Normal probability plot

From Wikipedia, the free encyclopedia

The normal probability plot is a graphical technique for assessing whether or not a data set is approximately normally distributed. The data are plotted against a theoretical normal distribution in such a way that the points should form an approximate straight line. Departures from this straight line indicate departures from normality. The normal probability plot is a special case of the probability plot.

1 Definition
2 Other distributions
3 See also
4 External links
5 References

[edit] Definition

The normal probability plot is formed by:

Vertical axis: Ordered response values
Horizontal axis: Normal order statistic medians

That is, the observations are plotted as a function of the corresponding normal order statistic medians which are defined as:

N (i) = G (U (i))

where U(i) are the uniform order statistic medians (defined below) and G is the quantile function of the normal distribution.

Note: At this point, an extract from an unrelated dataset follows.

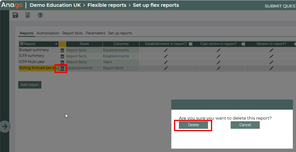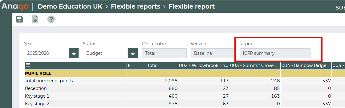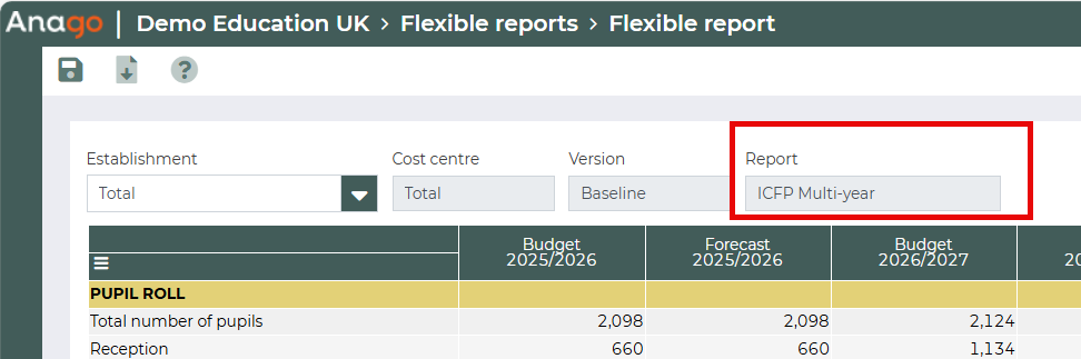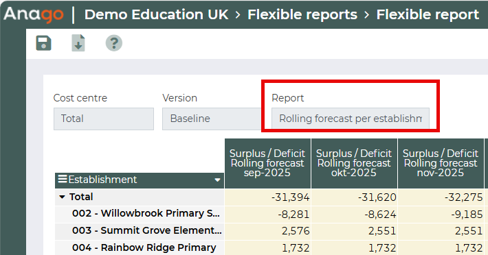 - Use the pencils to select the establishments, cost centres and versions that can be selected from the report filters.

The quantile function is the inverse of the cumulative distribution function (probability that X is less than or equal to some value). That is, given a probability, we want the corresponding quantile of the cumulative distribution function.

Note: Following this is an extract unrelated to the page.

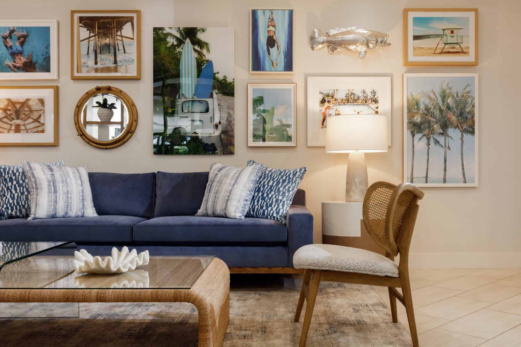 Breezy blue hues and nautical accents are carried throughout the 18-acre resort. Modern, eclectic décor adds sharp contrast to the classic 1950s motel architecture that shapes SkyBeach’s character.

The uniform order statistic medians are defined as:

$m(i) = \begin{cases} 1 - 0.5^{1/n} & i = 1\\ \frac{i - 0.3175}{n + 0.365} & i = 2, 3, \ldots, n-1\\ 0.5^{1/n} & i = n\end{cases}$

In addition, a straight line can be fit to the points and added as a reference line. The further the points vary from this line, the greater the indication of departures from normality.

[edit] Other distributions

Main article: probability plot

Probability plots for distributions other than the normal are computed in exactly the same way. The normal quantile function G is simply replaced by the quantile function of the desired distribution. That is, a probability plot can easily be generated for any distribution for which one has the quantile function.

One advantage of this method of computing probability plots is that the intercept and slope estimates of the fitted line are in fact estimates for the location and scale parameters of the distribution. Although this is not too important for the normal distribution since the location and scale are estimated by the mean and standard deviation, respectively, it can be useful for many other distributions.

The correlation coefficient of the points on the normal probability plot can be compared to a table of critical values to provide a formal test of the hypothesis that the data come from a normal distribution.